WebNovelRed & Ink66.67%

Chapter 20 Halusinasi

Sepulang sekolah, Pen berjalan menuju gerbang dengan langkah pelan. Cahaya matahari sore mulai memudar, meninggalkan semburat jingga di langit. Udara terasa sedikit lembap, menandakan bahwa malam akan segera datang. Namun, sebelum ia benar-benar keluar dari area sekolah, ada sesuatu yang mengganggunya dari belakang—perasaan aneh, seolah ada tatapan yang tertuju padanya.

Ia memutuskan untuk berhenti berjalan. Jantungnya berdebar pelan saat ia menoleh ke atas. Tepat di balkon atap sekolah, siluet seseorang terlihat duduk di pagar balkon yang tinggi. Pen menyipitkan mata, mencoba memastikan siapa itu, dan saat matanya menangkap sosok tersebut dengan lebih jelas, tubuhnya seketika menegang.

Di sana, dengan santai, Melda duduk di pagar balkon, kaki-kakinya terayun pelan di udara kosong.
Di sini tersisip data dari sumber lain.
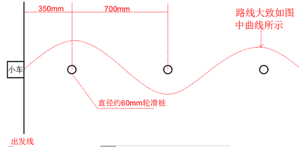 1.曲线组:本组以重锤落下一次小车绕过桩的数量多少为评判标准。桩的数量为10个,桩与桩之间的距离为70cm,起点到第一个桩的距离为35cm,重锤下落的距离为70cm(不得大于此值),重锤的质量为 1 kg。除重锤落下时所提供的重力势能外不能有其他的能量来源。转向机构使用同一套能量来源。

Rambutnya tertiup angin, dan senyum tipis menghiasi wajahnya. Cahaya matahari terakhir menerpa dirinya, menciptakan bayangan samar yang membuatnya tampak seperti ilusi.

Tak disangka-sangka, Pen melihat Melda ada di atas sana, dalam posisi yang tampak berbahaya. Seperti akan bunuh diri.

Pen terdiam, tubuhnya membeku di tempat. Matanya melebar, sulit mempercayai apa yang ia lihat.

"Itu... berbahaya," bisiknya, suaranya hampir tak terdengar. Napasnya terasa berat, seolah udara di sekitarnya mendadak menjadi lebih dingin.

Namun, Melda hanya menatapnya dengan senyum tipis, tatapannya kosong, tapi juga seakan menyimpan sesuatu.

"Pen... Aku ini tidak nyata," kata Melda tiba-tiba. Suaranya terdengar begitu jelas, seolah angin sore tak mampu membawanya pergi.

Pen terkejut. Ia melihat sendiri bagaimana bibir Melda bergerak membentuk kata-kata itu, tapi rasanya ada yang aneh. Seperti suara itu tidak benar-benar berasal dari dirinya.

"Apa maksudmu?" Pen bertanya dengan suara yang hampir bergetar. Jantungnya masih berdetak kencang, dan tangannya secara refleks menggenggam tali tasnya lebih erat.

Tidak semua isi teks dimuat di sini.